**Task item:** In the material below, find the line with "வாழ்கின்றனர். 1980ம் ஆண்டு" and the line with "Raja Purnawarman, Panji Segala Raja". Output exactly those two lines and all lines between them, leaving out pictures.

----- Provided data

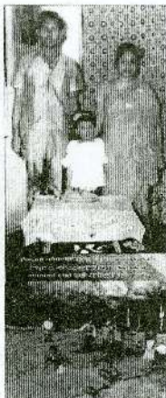
Some historical sketches.....

வாழ்கின்றனர். 1980ம் ஆண்டு திருப்பேரவை அன்னாரின் திட்டத்தினையும் அதன் முன்னேற்றத்தினையும் அங்கீகரித்து ஜீவோதயத்தை இலங்கை மெதடிஸ்த திருச்சபையின் ஓர் முன்னோடி விவசாயத்திட்டமாக ஏற்றுக் கொண்டது. ஐந்து வருடங்களுக்கு இப்பணிக்கென அன்னார் பிரத்தியேகப் படுத்தப்பட்டு பண்ணையின் முகாமையாளராகவும் திருப்பணியாளராகவும் நியமிக்கப்பட்டார்.
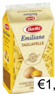
TAGLIATELLE N 174 GR 250 BARILLA
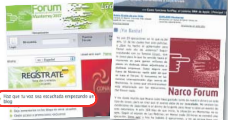
A través de la página web del Fórum (izq.), en la que se invita a crear blogs, se puede encontrar uno (der.) que pide cancelarlo y crea logo de “Narco Fórum”.

La información dice que Monterrey sólo destaca por las ejecuciones. “Me duele mucho que Nuevo León haya gastado tanto de nuestro dinero en este tipo de cosas, pero yo creo que el evento debe de ser cancelado”, menciona.
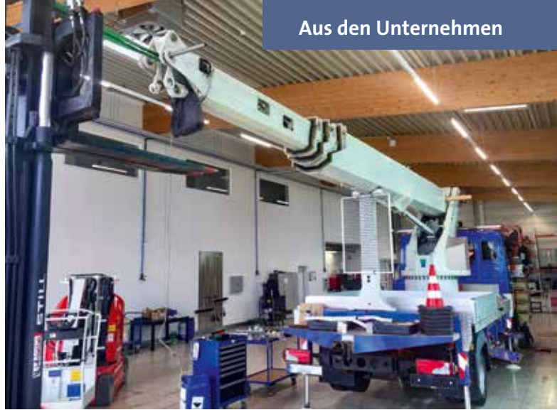
Auch der Wechsel von Teleskopen ist für ...
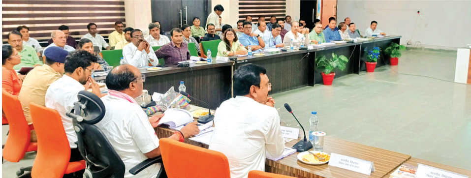
दिशा की बैठक में केन्द्रीय मंत्री श्री उड़के ने दिरे निर्देश
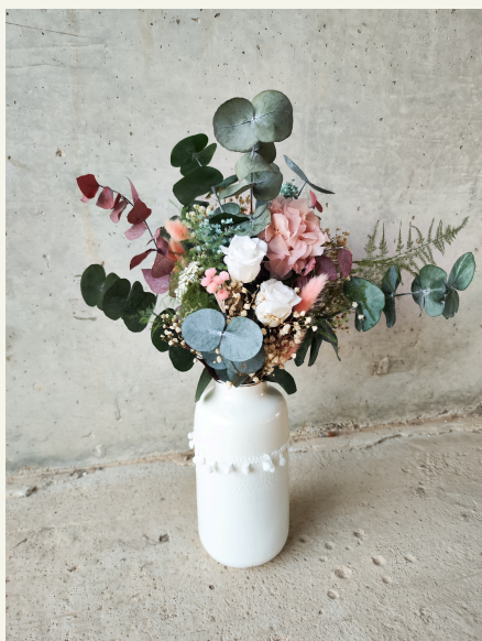
Jarrón grande: 84€

Si dispones de una mesa dulce, la puedes decorar con algún jarrón con las flores preservadas que prefieras, las iniciales de madera con flores son preciosas y dan un toque espectacular a cualquier rincón donde la pongas. Las guirnaldas pueden ser una muy buena opción para delimitar la mesa y adornarla de forma sutil pero bonita.
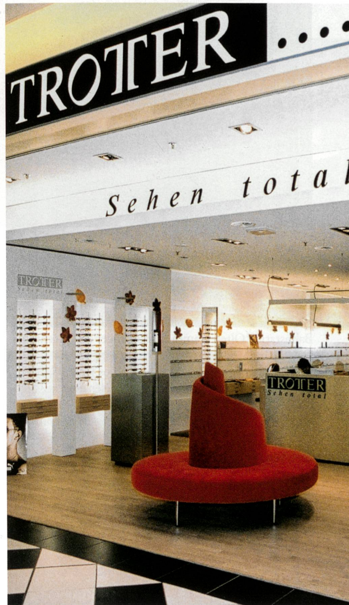
Das neue Trotter-Brillengeschäft im Sälipark
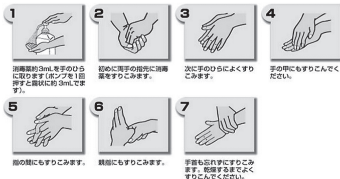
速乾性手指消毒薬による手指衛生の手順 (ヨシダ製薬のウェブサイトから引用)
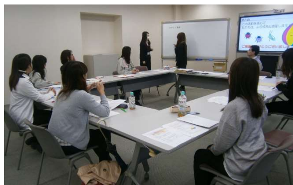
働きやすい職場づくり委員会 模様
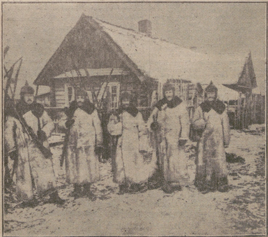
LA GUERRA EN ORIENTE.—Centinelas alemanes en equipo de invierno.
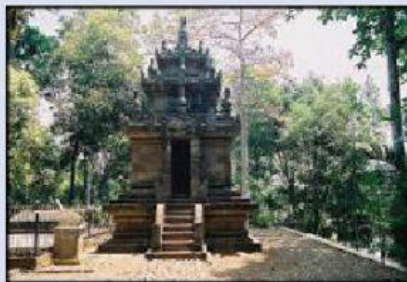
Raja Purnawarman, Panji Segala Raja

Raja Purnawarman mulai memerintah Kerajaan Tarumanegara pada tahun 395 M. Pada masa pemerintahannya, ia selalu berjuang untuk rakyatnya. Ia membangun saluran air dan memberantas perompak.

----------

**Response for this exercise:**
வாழ்கின்றனர். 1980ம் ஆண்டு திருப்பேரவை அன்னாரின் திட்டத்தினையும் அதன் முன்னேற்றத்தினையும் அங்கீகரித்து ஜீவோதயத்தை இலங்கை மெதடிஸ்த திருச்சபையின் ஓர் முன்னோடி விவசாயத்திட்டமாக ஏற்றுக் கொண்டது. ஐந்து வருடங்களுக்கு இப்பணிக்கென அன்னார் பிரத்தியேகப் படுத்தப்பட்டு பண்ணையின் முகாமையாளராகவும் திருப்பணியாளராகவும் நியமிக்கப்பட்டார்.
TAGLIATELLE N 174 GR 250 BARILLA
A través de la página web del Fórum (izq.), en la que se invita a crear blogs, se puede encontrar uno (der.) que pide cancelarlo y crea logo de “Narco Fórum”.

La información dice que Monterrey sólo destaca por las ejecuciones. “Me duele mucho que Nuevo León haya gastado tanto de nuestro dinero en este tipo de cosas, pero yo creo que el evento debe de ser cancelado”, menciona.
Auch der Wechsel von Teleskopen ist für ...
दिशा की बैठक में केन्द्रीय मंत्री श्री उड़के ने दिरे निर्देश
Jarrón grande: 84€

Si dispones de una mesa dulce, la puedes decorar con algún jarrón con las flores preservadas que prefieras, las iniciales de madera con flores son preciosas y dan un toque espectacular a cualquier rincón donde la pongas. Las guirnaldas pueden ser una muy buena opción para delimitar la mesa y adornarla de forma sutil pero bonita.
Das neue Trotter-Brillengeschäft im Sälipark
速乾性手指消毒薬による手指衛生の手順 (ヨシダ製薬のウェブサイトから引用)
働きやすい職場づくり委員会 模様
LA GUERRA EN ORIENTE.—Centinelas alemanes en equipo de invierno.
Raja Purnawarman, Panji Segala Raja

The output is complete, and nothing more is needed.